Interesting Question

The State is a condition, a certain relationship between human beings, a mode of behavior; we destroy it by contracting other relationships, by behaving differently toward one another....We are the state, and we shall continue to be the state until we have created the institutions that form a real community and society of men.
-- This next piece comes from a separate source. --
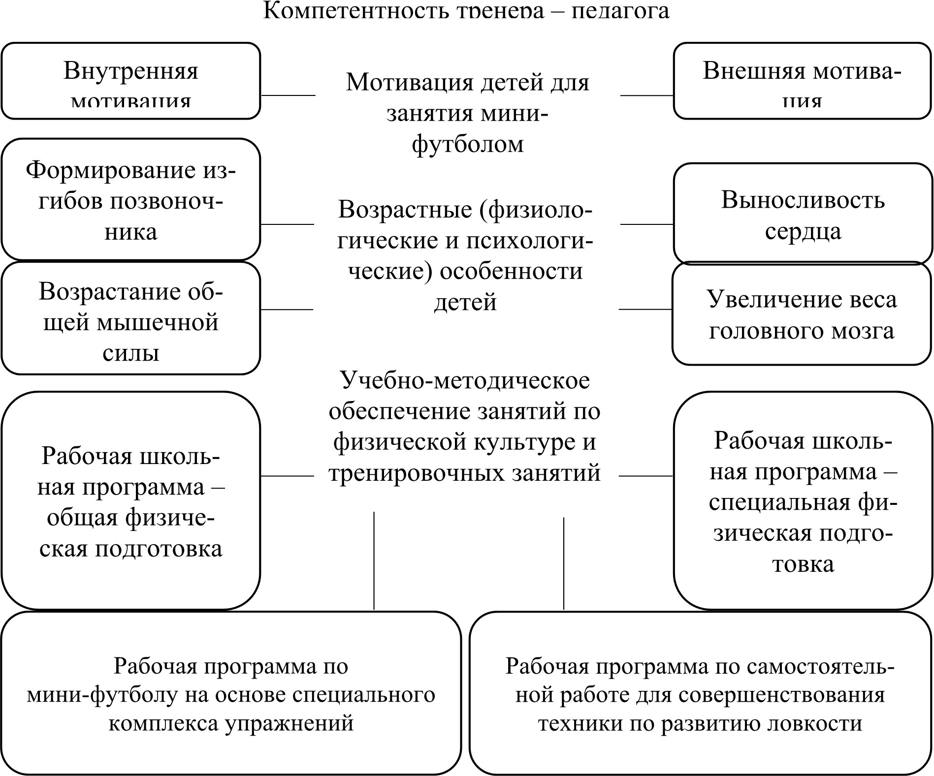 Анализируя современную отечественную и зарубежную литературу и информационную базу данных по проблеме развития координационных способностей у детей младшего школьного возраста в учебно-тренировочном процессе, можно выявить основные факторы, влияющие на эффективность развития ловкости у девочек, занимающихся мини-футболом (рис. 1) [2; 5].

- Gustav Landauer, Schwache Stattsmanner, Schwacheres Volk!, June, 1910



Selected Correspondence:



12 July 2006

Truth on and off the page

The truth is not found on the page, but is a wayward sprite that bursts forth from the the readers mind for reasons of its own. I once thought that the Truth was a set comprised of all the things that were true, and the big truth could be obtained by taking all the little truth statements and evaluating them till nothing remained. I would approach my rhetorical battles as a logical reductionist, tearing down, atomisiing, proving, disproving, discarding falsehoods and reassembling truths till the Truth was pure and unarguable. But then when truth matters most, when truth is the agent of freedom, I stood before Justice and with truth, lost freedom. Here was something fantastical, you could show irrefutably that (A => B) and (B => C) and (C => D) and Justice would agree, but then, when you claimed your coup de grace, A => D irrevocably, Justice would shake its head and revoke the axiom of transitivity, for Justice will not be told. Transitivity is enabled when Justice decides for emotional reasons A => D *feels nice*. What horror, here is the truth not as a bridge, sturdy to every step, a marvel of bound planks and supports from the known into the unknown, but a surging sea of smashed wood, flotsam and drowning sailors. So first the poetic metaphor, to make the reader want to believe, then the facts, and miracle, transitivity is evoked as justification for prejudice.